FRANKFURT - The global pendulum has swung toward higher interest rates, but its movement is less than smooth, and it looks as if cheap money will remain readily available for much of this year.
Major central banks, anxious to prevent an inflationary spurt, are drawing the curtain upon an extraordinary era of cheap money.
The United States Federal Reserve is on a steady credit tightening path.
But in the euro zone - the world's second largest economic bloc, where official money costs only 2 per cent - the European Central Bank looked unlikely to start closing the taps before this northern summer, analysts said.

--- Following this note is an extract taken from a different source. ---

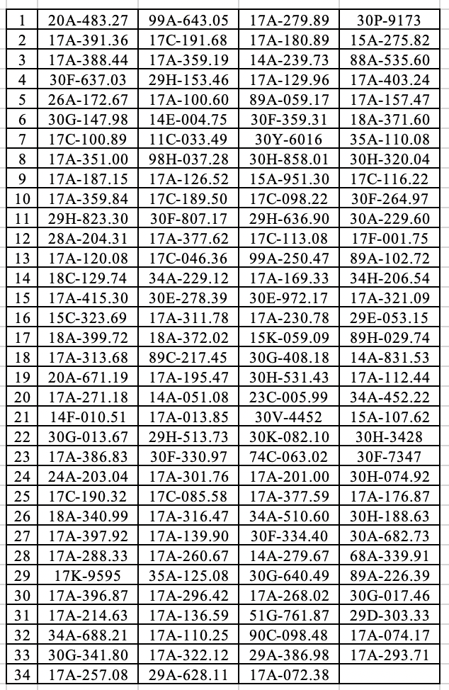 30F-214.97, 99A-622.67, 30K-633.68, 17A-168.29, 15K-183.71, 14C-409.13, 14A-410.97, 17A-401.95, 15A-192.66, 81C-243.55

As for the Bank of Japan, it has yet to lay out any strategy for exiting its policy of zero interest rates.
"The case is there for a global rate tightening cycle," said Christel Aranda-Hassel, European economist for Credit Suisse First Boston in London. "But everyone is slightly differentiated in pace. It is a matter of degree rather than direction."
The timing and speed of rate tightening by other major central banks is far from clear.
The Bank of England is taking a breather after a bout of rate tightening last year, and 22 out of 47 economists surveyed by Reuters this week said the British rate tightening had already peaked at 4.75 per cent.
The Bank of Canada has also paused after two rate hikes in September and October, as has the Swiss National Bank.
So even though the global economy posted its best performance in three decades last year, growing at roughly 5 per cent, rate tightening looks set to remain modest.
In a Reuters survey conducted in January, analysts predicted official rates in the Group of Seven top industrial nations would reach an average level of 2.9 per cent by the end of this year.
That would be only a slightly faster pace than the 0.4 percentage points of tightening delivered last for the G7 on average.